Aldo, domanda d'obbligo per un materano: cosa significa giocare per la squadra della propria città?
Come per tutti, è stato un motivo di orgoglio, onore e tanto impegno: nessuno infatti è profeta in patria e quindi l'impegno doveva essere raddoppiato altrimenti i primi ad essere criticati eravamo noi locali.
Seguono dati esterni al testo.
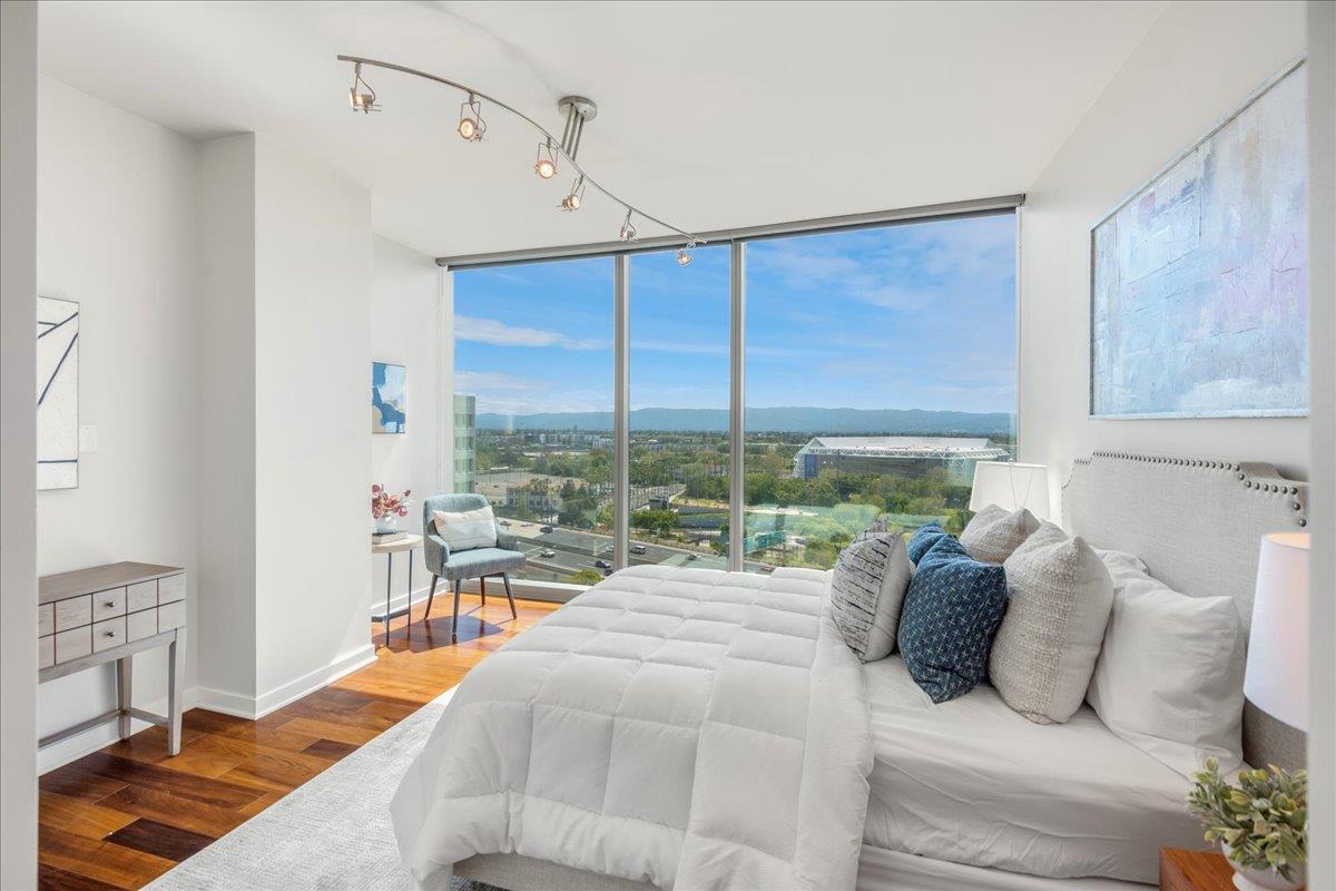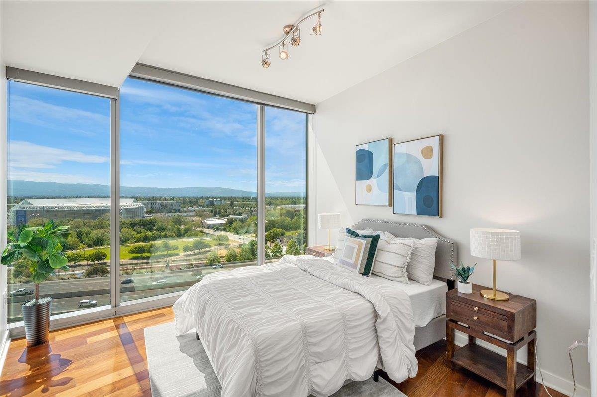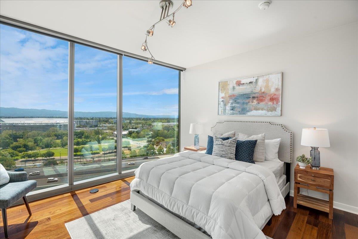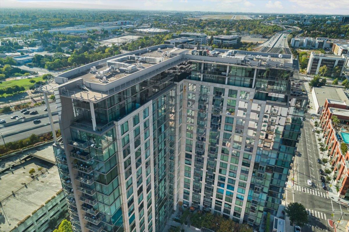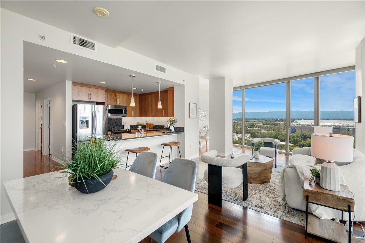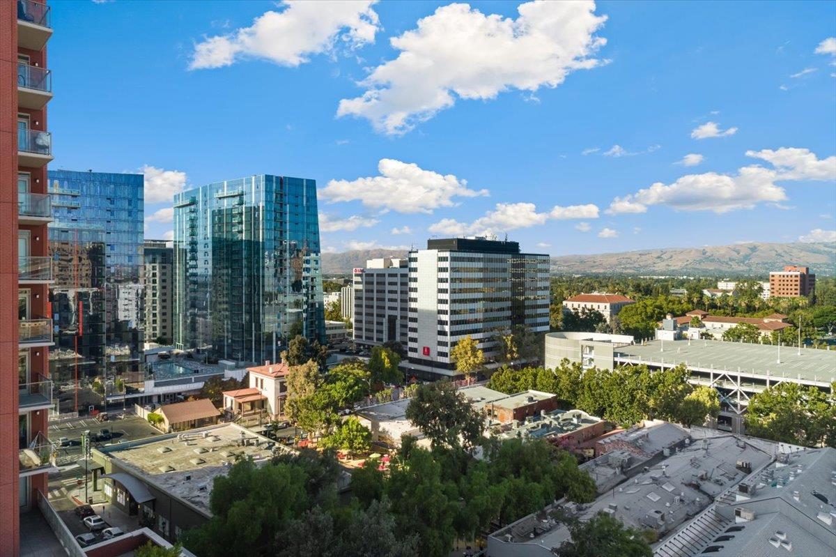 Wonderful 2 bedroom condo in the luxury highrise building Axis in the heart of Downtown San Jose. This is a corner unit property with dramatic floor-to-ceiling windows with spectacular panoramic views of the foothills, SAP Center, and city lights. This corner unit floorplan provides uninterrupted views to the north and to the west. You will not get this kind of view anywhere else! Gourmet kitchen features cherry cabinets, granite counters, and stainless steel appliances. Primary bedroom with walk-in closet and en suite bath. Custom closet organizers. Beautiful hardwood floors throughout. Hotel quality amenities include front desk service, fitness center, entertainment lounge, pool and 2 hot tubs, outdoor kitchen and dining area with commercial grade barbecues, and outdoor fire pit. Centrally located in Downtown San Jose walking distance to SAP Center, San Pedro Square, restaurants, entertainment, and more. Easy access to Highways 87, 280, 880 and nearby to SJ Mineta Airport, Coleman Shopping Center, Whole Foods, and SJSU.
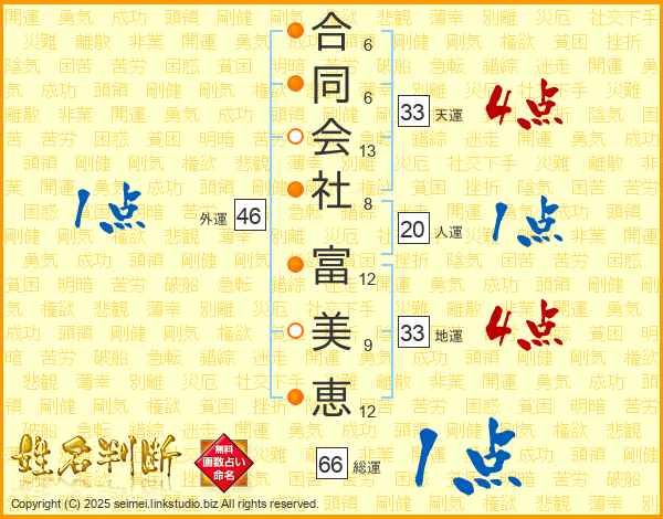 合(6画)同(6画)会(13画)社(8画) 富(12画)美(9画)恵(12画)

Devo dire che, pur essendo così un po' ovunque, tuttavia oggi che vivo a Modena vedo che qui sono più “patriottici”; l'unico locale in squadra è sempre incoraggiato, mentre ricordo che materani come me, Innella, Tataranni dovevamo metterci anima e cuore altrimenti al primo sbaglio i nostri tifosi ci beccavano. All'epoca c'erano altri giovani materani molto validi che avrebbero potuto fare una miglior carriera, ma troppo spesso si è preferito scegliere chi veniva da fuori.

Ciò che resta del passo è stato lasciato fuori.